The themes are varied: there are Christian poems, war poems. familial elegies, dialect poems (there is a piece called ‘Hearts and Flowers’, written in dialect and rife with sexual innuendo; elsewhere she speaks of ‘darting’ her face with foundation). There are an ample variety of forms here too: rhyming quatrains. Petrachan sonnet, sestina, villanelle. These old forms are sustained because they are sustaining in themselves. The sestina is as good as any I’ve read, second only to Dante Gabrielle Rossetti’s heartbreaking ‘Of the Lady Pletra degli Scrovigni’. English, in her poem entitled simply ‘Sestina’, has managed the form with incredible ingenuity - it feels utterly inevitable, which, given the interlocking structures of the form, shows considerable skill and discipline. The poem is too long to quote here, and it needs to be read in entirety. It’s about how a story or a life can be predetermined from its outset, and how the end can eerily contain or return to the beginning—it is a subtle riddle, concentric, circular and therefore eternal, like the serpent with its tail in its mouth. As in the best poetry, the content is in complete harmony with the form. It makes one wonder whether there might not be a paradise of pure form, prefiguring words—an embryonic music that seeks its release in the unparaphrasable collocation of precise verbal sound-structures, and which has its roots in the pulse of our blood.

For those of us who think poetry ought to maintain its relationship with music, her poetry provides an occasionally tripping melody, as in the deceptively simple poem, which has the ghost of ballad behind its metre:

I long to fill her red suede shoes.

to be sixteen, to act grown up

in stiletto heels with pointed toes

tapping Follow Me in heel Morse code.

 

I envy her those red suede shoes,

their slinky heels, her slim ankles,

the mystique of her female charm

and Follow Me of clinking bangles.

 

I really covet those red suede shoes,

her pointed breasts and scarlet lips,

her green eyeshadow and feline grace,

the Follow Me of tiptoe-taps.

 

I envy her, those red suede shoes.

the blokes she pulls, the furs she wears,

her negligees and silk pyjamas:

the Follow Me that whistles wolves.

This is chosen almost at random, and like many of the poems here, is tonally unemphatic, skew-whiff, ruffled in its syncopated rhythms. The rhymes are somewhat jarring, and then when we expect one it doesn’t come.
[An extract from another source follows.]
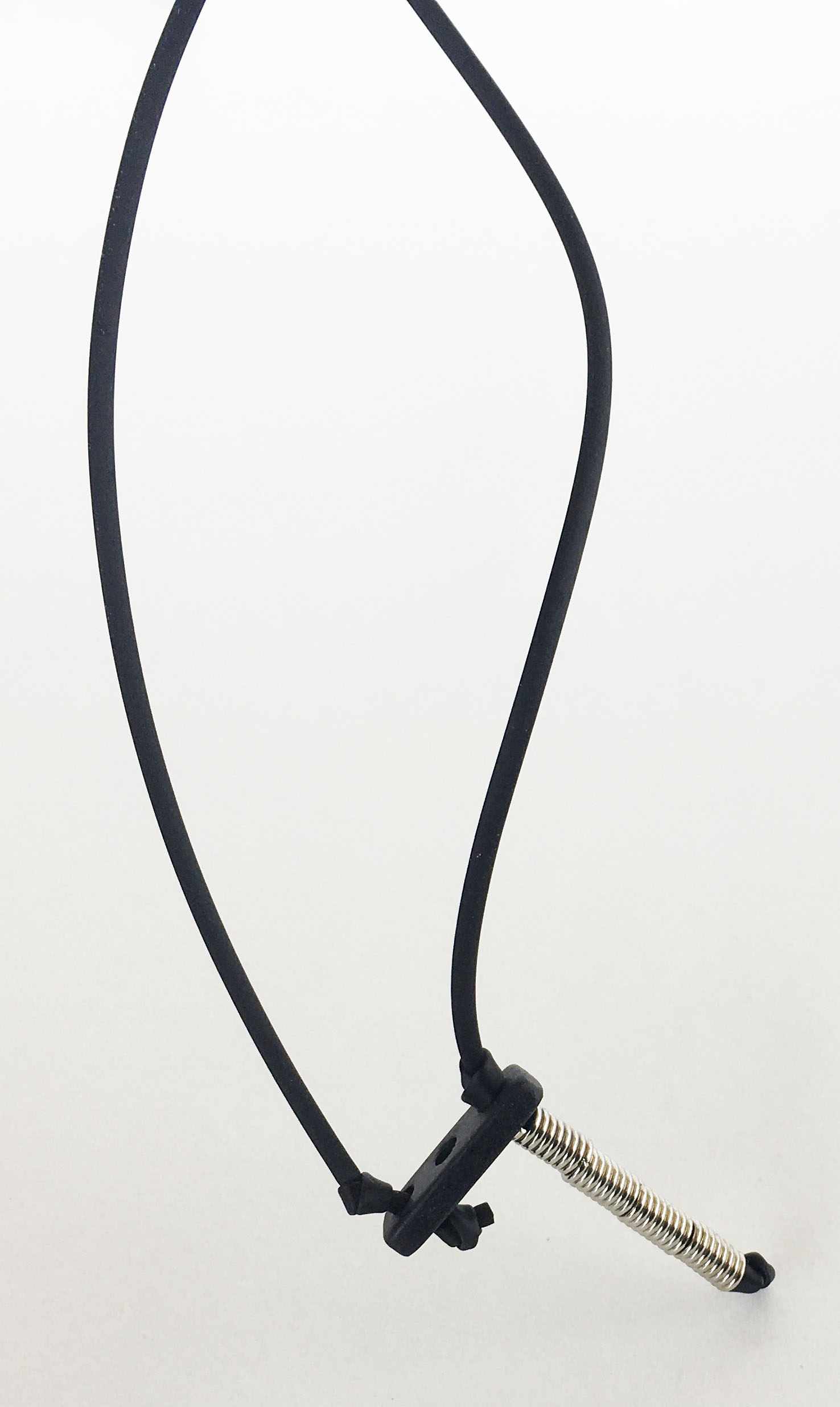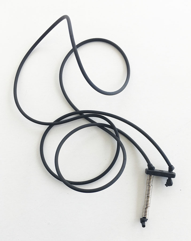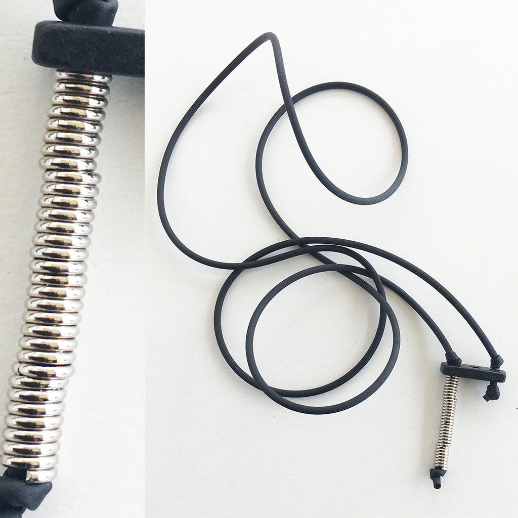 υλικά: 2 χιλ. μαύρο καουτσούκ, 3 χιλ. x 6 χιλ. ανάγλυφη μεταλλική χάντρα σχήμα σωλήνα, 2 χιλ. X 1,8 εκ. χάντρα από πηλό σε μαύρο χρώμα
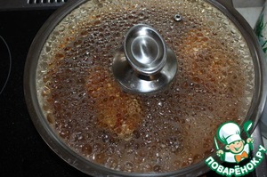 Вылить в сковороду маринад, в котором мариновалась курица, добавить устричный соус и немного воды.

There is a feigned innocence here, but the poet is worldly enough to be aware of the potential consequences of what the girl depicted is implicitly inviting; the girl herself is self-consciously a sexual siren. The ‘wolves’ that stalk her may be sinister but they are not solely culpable: the wolf may change his pelt but not his vice.

By contrast, there are, as here in vers libre, moments that are lyrical and delicate, where notations from the natural kingdom, in the tradition of elegy, are offered as appeasing and benign images:

Entombed below, Edwardian Lady,

blue eyebright, sweet mallow, bitter borage,

poppies peopling a wayside.

Tissue thin it clung where it had hung for all those wasted years,

until I, smiling, drew the veil. Water lilies,

suffused in light, petals pinking translucent pools,

illuminating subterranean caverns

where the wild weed grows.

This book is uneven in places, but then unevenness seems part of the scheme. It is a book of demotic threnodies, though there is something in the manner of her expression which salvages her, and us, from any suffocating sense of tragedy. The sestina alone makes ‘The Sorcerer’s Arc’ worth buying.